Transient Receptor Potential Vanilloid Type 4-Deficient Mice Exhibit Impaired Endothelium-Dependent Relaxation Induced by Acetylcholine In Vitro and In Vivo

Agonist-induced Ca(2+) entry is important for the synthesis and release of vasoactive factors in endothelial cells. The transient receptor potential vanilloid type 4 (TRPV4) channel, a Ca(2+)-permeant cation channel, is expressed in endothelial cells and involved in the regulation of vascular tone. Here we investigated the role of TRPV4 channels in acetylcholine-induced vasodilation in vitro and in vivo using the TRPV4 knockout mouse model. The expression of TRPV4 mRNA and protein was detected in both conduit and resistance arteries from wild-type mice. In small mesenteric arteries from wild-type mice, the TRPV4 activator 4 alpha-phorbol-12,13-didecanoate increased endothelial [Ca(2+)](i) in situ, which was reversed by the TRPV4 blocker ruthenium red.

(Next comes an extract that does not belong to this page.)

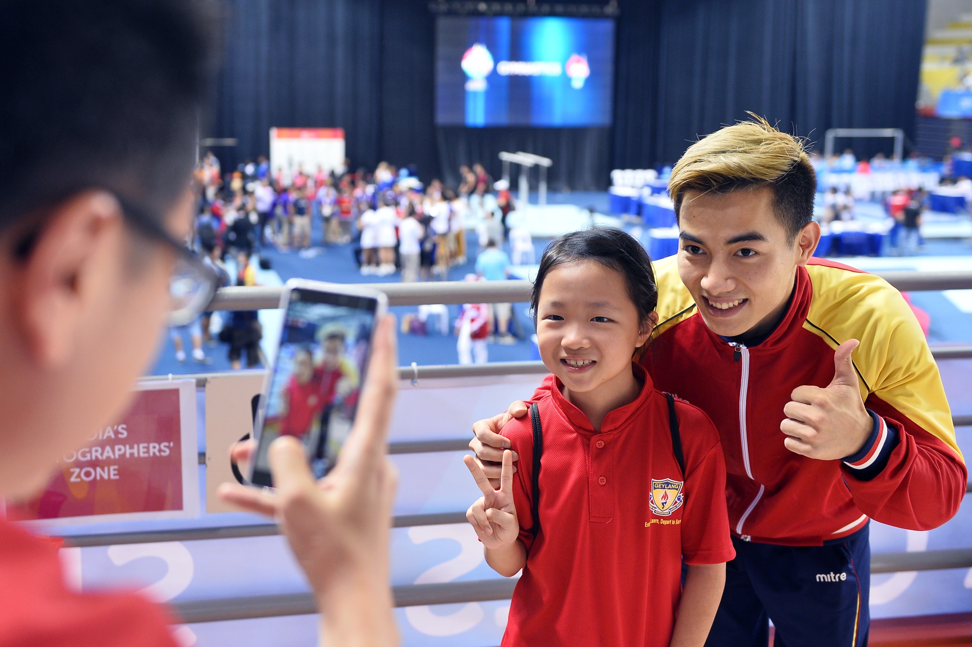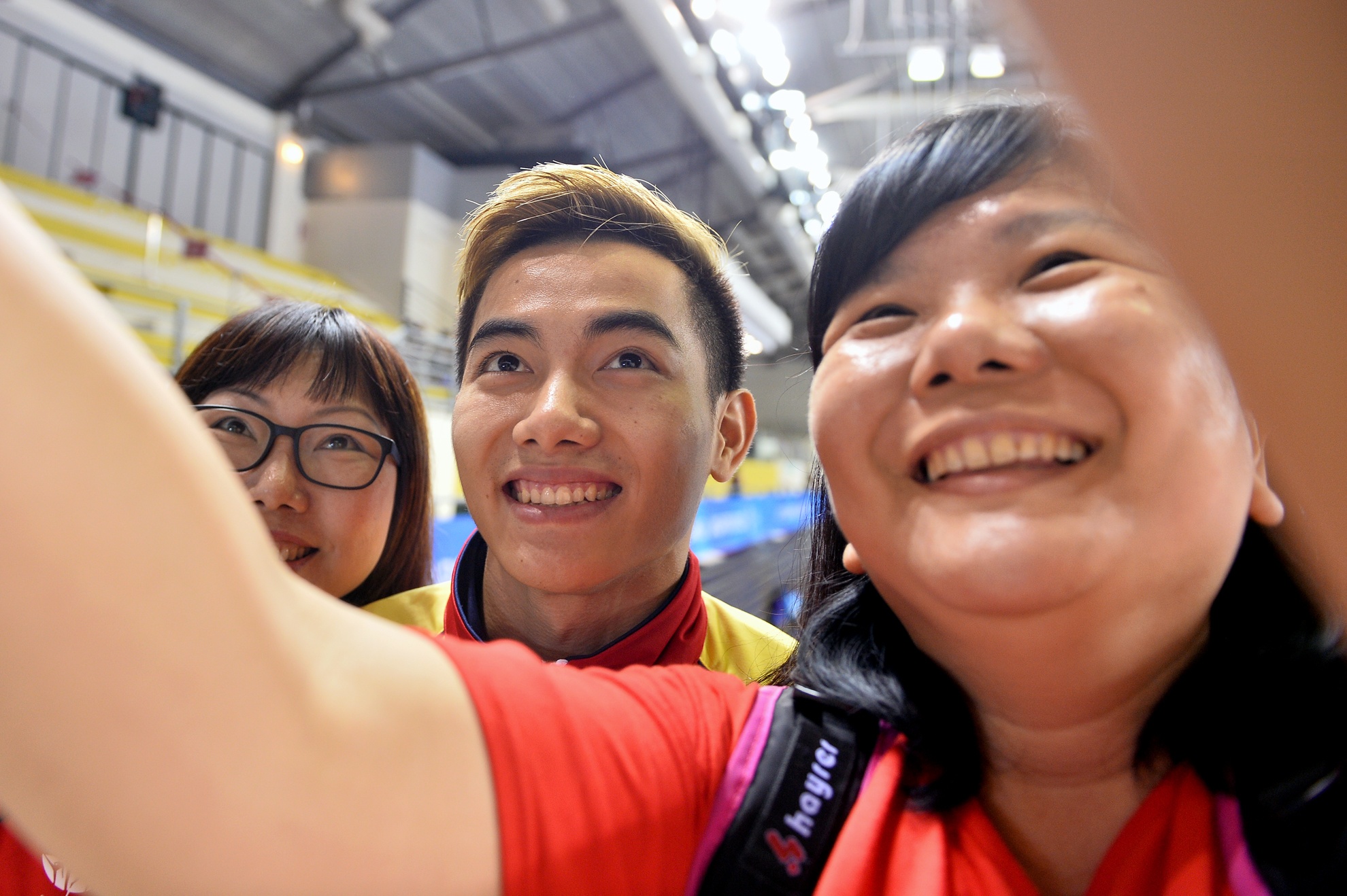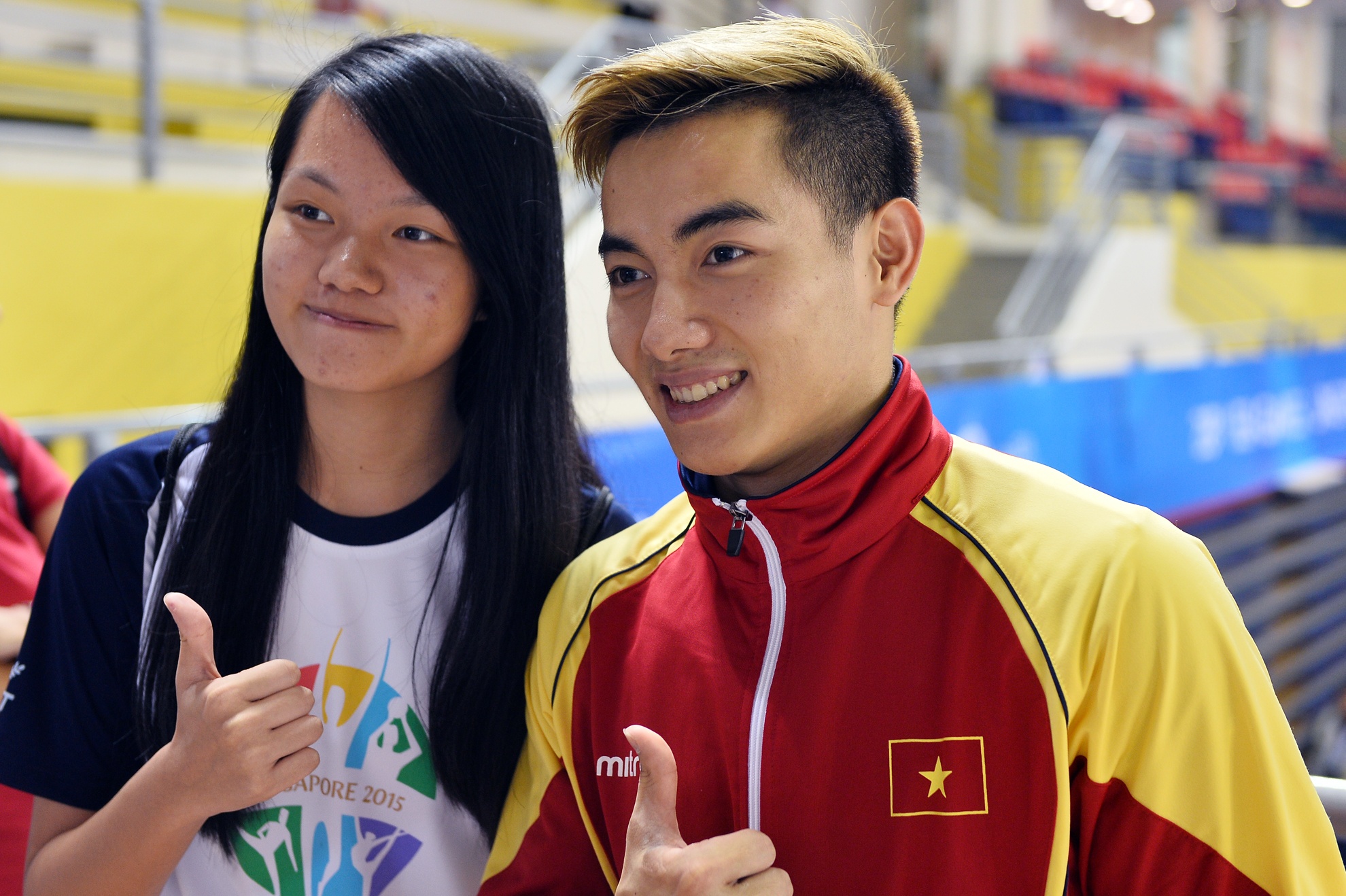 | Các tình nguyện viên tại SEA Games 28 cũng không bỏ lỡ cơ hội ghi lại khoảnh khắc bên VĐV điển trai. |

In wild-type animals, acetylcholine dilated small mesenteric arteries that involved both NO and endothelium-derived hyperpolarizing factors. In TRPV4-deficient mice, the NO component of the relaxation was attenuated and the endothelium-derived hyperpolarizing factor component was largely eliminated. Compared with their wild-type littermates, TRPV4-deficient mice demonstrated a blunted endothelial Ca(2+) response to acetylcholine in mesenteric arteries and reduced NO release in carotid arteries. Acetylcholine (5 mg/kg, IV) decreased blood pressure by 37.0 +/- 6.2 mm Hg in wild-type animals but only 16.6 +/- 2.7 mm Hg in knockout mice. We conclude that acetylcholine-induced endothelium-dependent vasodilation is reduced both in vitro and in vivo in TRPV4 knockout mice. These findings may provide novel insight into mechanisms of Ca(2+) entry evoked by chemical agonists in endothelial cells. (Hypertension. 2009;53:532-538.)